Rose and Isabel/Cora Review!
November 28, 2012 (No Comments) by Kristian


Written, Illustrated, and Published by: Ted Mathot

Reviewed by: Kristian Horn

I’d been wanting to review these books for a long time. When I was writing comic reviews for Ain’t It Cool News every once in a while I’d say that I was going to write up one of these books for the upcoming week’s column and inevitably something would come up where I’d have to put writing up reviews for Rose and Isabel or Cora on the backburner. For a long time I’ve considered these books to be tragically overlooked by the comics world at large and even more tragically overlooked by comic book fangirls as well. In my opinion Rose and Isabel and Cora are two comic books that exemplify the best that comic books have to offer and should be required reading for any female fan of comics out there. As a father of a young girl, these are two books that I plan on holding on to for her to read when she gets older.

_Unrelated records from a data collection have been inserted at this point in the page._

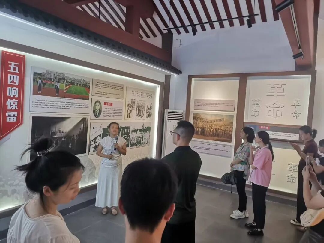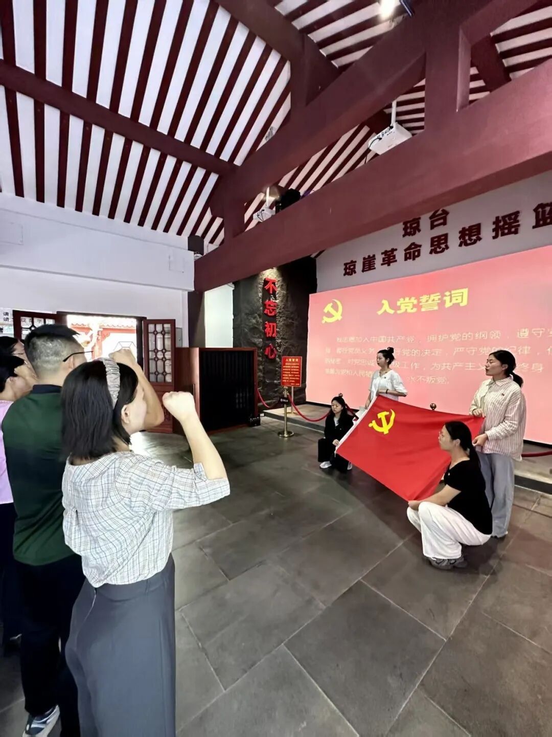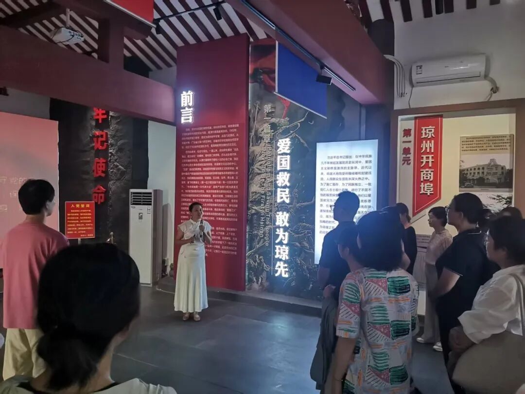 在琼崖革命思想摇篮展馆内,鲜红的党旗高高飘扬,全体党员身着正装,举起右拳、紧握拳头,以庄严肃穆的姿态重温入党誓词。随后,在博物馆馆长杨艳红生动详实的讲解下,大家循着历史的足迹,全面探寻海南琼崖革命先烈们敢为人先、自立自强、英勇无畏的斗争历程,同时深入了解琼州文脉的传承与发展脉络。党员们认真聆听讲解,不时驻足凝视、交流感悟,深刻体会到革命精神中蕴含的 “攻坚克难、勇毅前行” 的核心内涵,这与学校当前推进申本和双高建设所需要的精神品质高度契合,让大家在回望历史中不断汲取干事创业的伟大力量。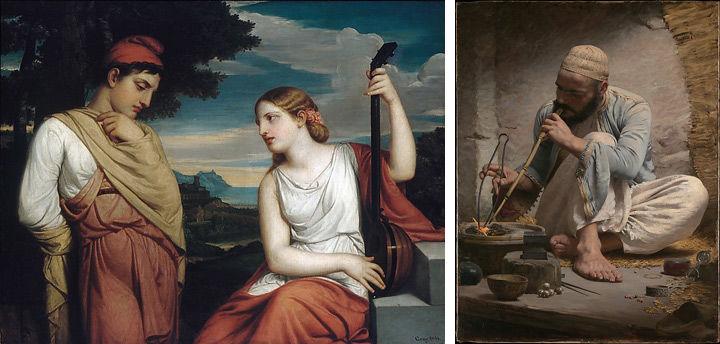 Left: Henry Peters Gray (American 1819–1877). The Greek Lovers, 1846. Oil on canvas, 40 1/4 x 51 1/2 in. (102.2 x 130.8 cm). The Metropolitan Museum of Art, New York, Gift of William Church Osborn, 1902 (02.7.2). Right: Charles Sprague Pearce (1851–1914). The Arab Jeweler, ca. 1882. Oil on canvas, 46 x 35 3/8 in. (116.8 x 89.9 cm). The Metropolitan Museum of Art, New York, Gift of Edward D. Adams, 1922 (22.69)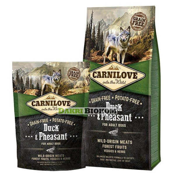 Carnilove Duck & Pheasant For Adult Dogs — полнорационный сбалансированный беззерновой сухой корм для взрослых и стареющих собак всех пород. В составе продукта находится мясо утки — источник белков, богатый полиненасыщенными жирными кислотами, которые снижают уровень холестерина в крови и мясо фазана, которое вместе с уткой создает диетически сбалансированную и питательную основу корма, содержащую все необходимые аминокислоты.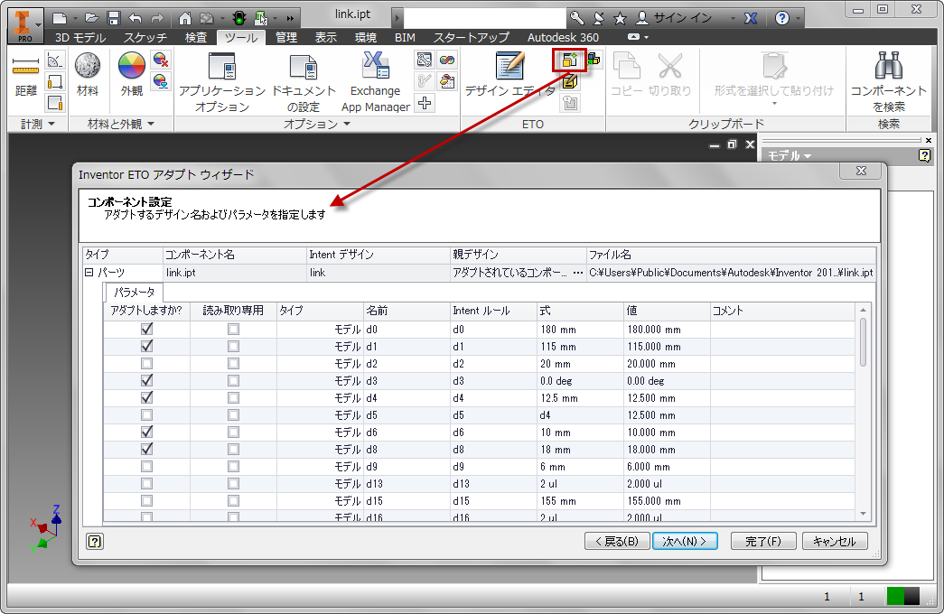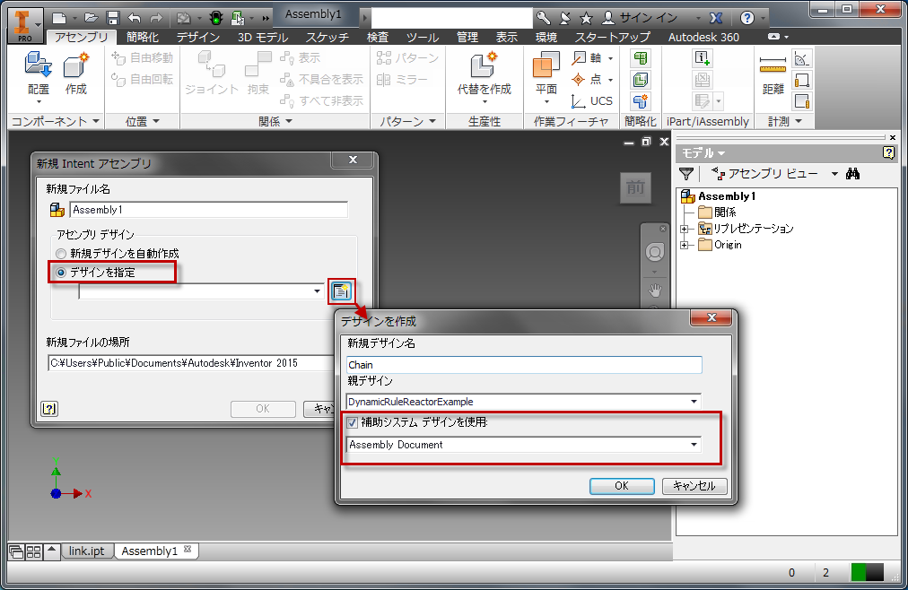 デザインを保存した後、Inventor でアセンブリにリンクを追加します。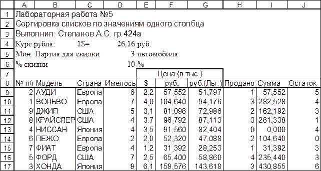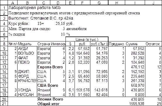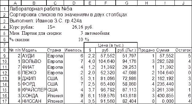 Типовое задание: Выполнить консолидацию данных из нескольких диапазонов без создания и с созданием связей с исходными данными. (Разновидности выполняемых типов консолидации предварительно согласовываются с преподавателем)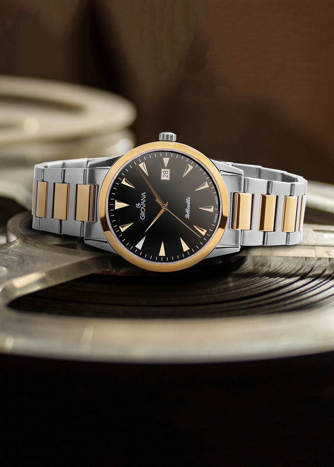 Клиновидные стрелки в стиле Dauphine. Окошко даты находится в положении 3 часа. Рифленая заводная головка. Стальной браслет с раскладывающейся застежкой.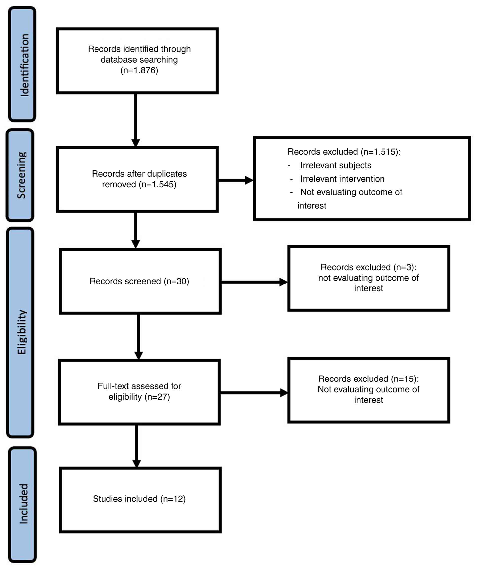 The initial search for studies identified 1,876 studies; after excluding duplicates and screening for the established criteria, 12 studies were determined to be eligible for inclusion in the present meta-analysis. The PRISMA flowchart illustrating the systematic literature search is presented in Fig. 1.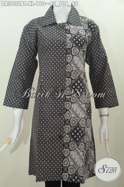 Jual Online Produk Dress Batik Terbaru Desain Mewah Kombinasi Dua Motif Elegan Kombinasi Tulis Membuat Wanita Nampak Mempesona [DR3932BT-XL]

Why hasn’t anyone out there really heard of Rose and Isabel or Cora? I honestly don’t know. I can only speculate that it’s because creator Ted Mathot really only sells his books through his own website and at conventions (You can purchase your own copies here). Mathot is apparently a storyboarding big wig at Pixar studios so obviously he’s got a lot on his plate so I can only imagine that these comics are very much the victim of the independent creator’s curse…which is that the books come out when they come out. Much like another one of my favorite comics of long ago, Herobear and the Kid, Mathot’s comics are sadly the victim of the fact that its creators have other projects that they must tend to before they can tackle their own personal projects. Truth to tell, a big reason that I’m posing this review is to see if I can get Mathot to finally release the very long delayed third installment of Cora.

So what are the books actually about? Well, Rose and Isabel is a tale of two very unique sisters raised in Virginia during the Civil War. When their brothers go off to fight in the conflict Rose and Isabel are left behind as many women were during that time. They and their parents wait for their return day after day and live off of the slivers of hope that letters from their brothers provide the remaining family whenever they arrive in the post. Eventually there comes a point when the letters cease to arrive and the two sisters decide that they need to set out on their own to find their brothers and bring them home so that their family can be whole again.

While, yes, it may seem that Rose and Isabel’s decision to leave their homestead on their own might be a bit uncharacteristic for the women of the time Mathot crafts a back story for the two female protagonists that makes the choice that they make ring true for their characters. Mathot breathes such believability into Rose and Isabel as characters that it makes their journey and the events that surround it ring with poignancy and importance. Mathot makes the two sisters distinct and real characters in the book and that ability to craft two female characters that come to life on the page is Mathot’s greatest gift. While, yes, Mathot’s storytelling and artistic skills are truly worthy of his stature at Pixar it was his skill at building his two main characters that impressed me the most. Because I was able to believe in his characters I was able to believe that they would be able to go out into the world and achieve and experience what they achieve and experience. It’s the strength of Rose and Isabel’s character that make the book and what makes Mathot’s story stand out above the comic book crowd.

Cora is a somewhat indirect sequel to Rose and Isabel. I can’t really go into much of Cora’s plot without spoiling some of its predecessor’s plot but I will say that it’s just as impressive a book as Rose and Isabel is. There is somewhat of a tonal shift from Rose and Isabel to be sure but the story is solid in its own way. Cora herself is a different character from the ones in the book that came before her but her journey is just as compelling. Although it’s hard to make a complete judgment call on the story as a whole because volume three of Cora has yet to be released, I feel confident in recommending Cora just based on the first two chapters alone. That and the fact that the Rose and Isabel graphic novel was such an impressive work make me feel confident that the entirety of Cora will be a great read once it’s finished. Either way, chapters one and two are still better than your average comic book and would be a worthy addition to any comic library…even without the final chapter to complete it.

According to the Rose and Isabel website it looks like Mathot has begun work on a Rose and Isabel screenplay. While I think a Rose and Isabel movie would be fantastic based on my love for the comic I really hope that Mathot hasn’t forgotten the book that it came from. I’m still waiting on the last chapter to Cora and want to see that more than I do any film project adapted from Mathot’s fantastic comic work.